__Task statement__. Your answer should repeat exactly the lines from the one holding "Сградата впечатлява с" through the end of the data, and it should contain no pictures.

__Data provided__.

-*-*-

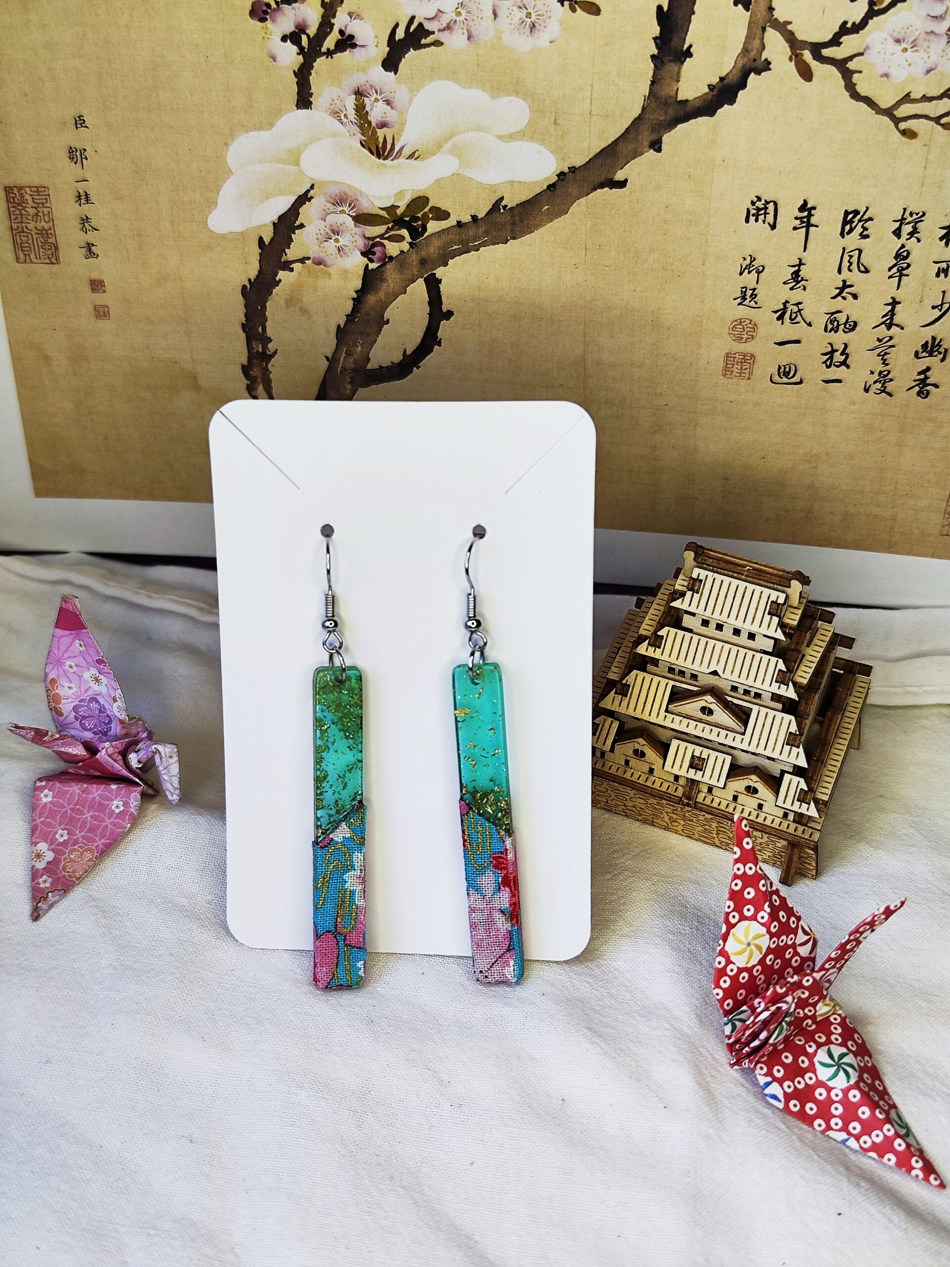 Boucles d’oreilles longues et légères, composées d’un haut en résine bleuté incrustée de feuilles dorées et d’un bas orné d’un tissu fleuri bleu, rose et rouge pour une touche raffinée et colorée.
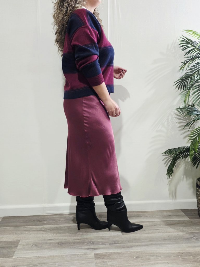 - Rayas anchas en tonos burdeos y marino, tendencia total
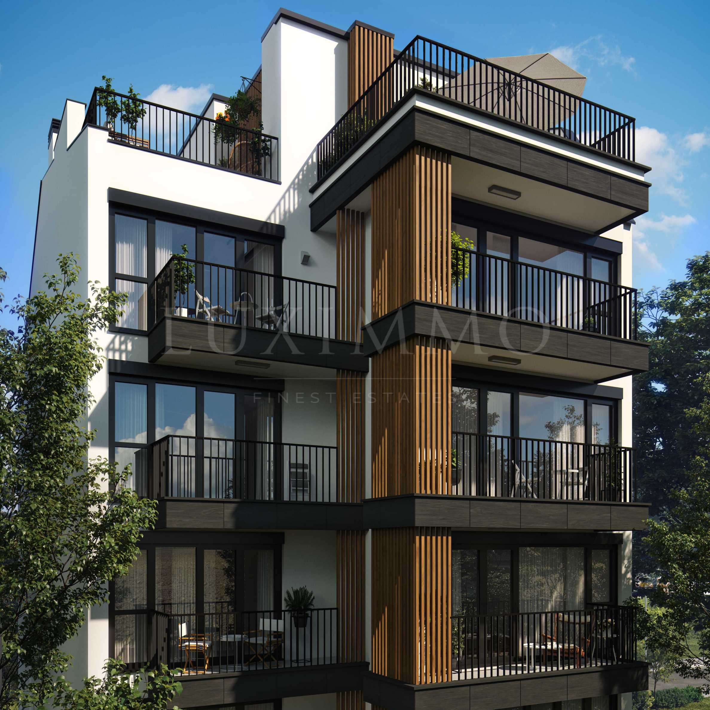 Сградата впечатлява с архитектура, която съчетава съвременен дизайн, прецизна детайлност и материали от най-висок клас. Линиите са чисти и елегантни, а цялостната визия носи усещане за динамика, стил и градски лукс. Фасадата е проектирана с вентилируема система, широкоформатни керамични плочи и структурна мазилка, подбрани заради тяхната издръжливост, естетика и енергийна ефективност. Тези премиум решения не само подчертават модерния характер на сградата, но и гарантират дългогодишна устойчивост и безупречен външен вид. Архитектурните акценти и внимателно подбраните материали създават хармонична композиция, която превръща проекта в отличителен и престижен дом – истински еталон за градско строителство от висок клас.
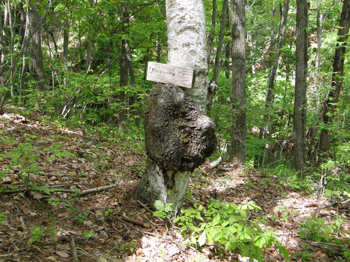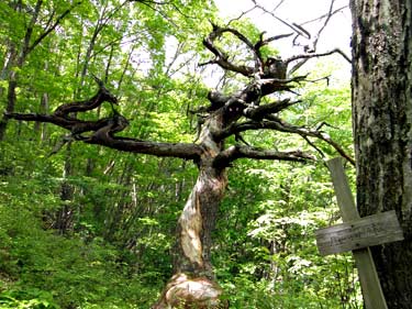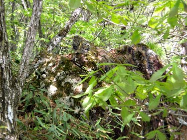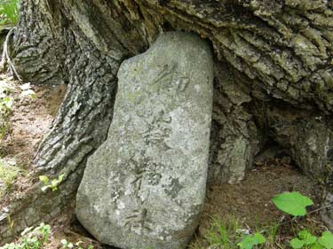 《写真にマウスを》 御嶽神社と記されている⇔ブナの大木根元に |

-*-*-

__Solution below__.
 Сградата впечатлява с архитектура, която съчетава съвременен дизайн, прецизна детайлност и материали от най-висок клас. Линиите са чисти и елегантни, а цялостната визия носи усещане за динамика, стил и градски лукс. Фасадата е проектирана с вентилируема система, широкоформатни керамични плочи и структурна мазилка, подбрани заради тяхната издръжливост, естетика и енергийна ефективност. Тези премиум решения не само подчертават модерния характер на сградата, но и гарантират дългогодишна устойчивост и безупречен външен вид. Архитектурните акценти и внимателно подбраните материали създават хармонична композиция, която превръща проекта в отличителен и престижен дом – истински еталон за градско строителство от висок клас.
 《写真にマウスを》 御嶽神社と記されている⇔ブナの大木根元に |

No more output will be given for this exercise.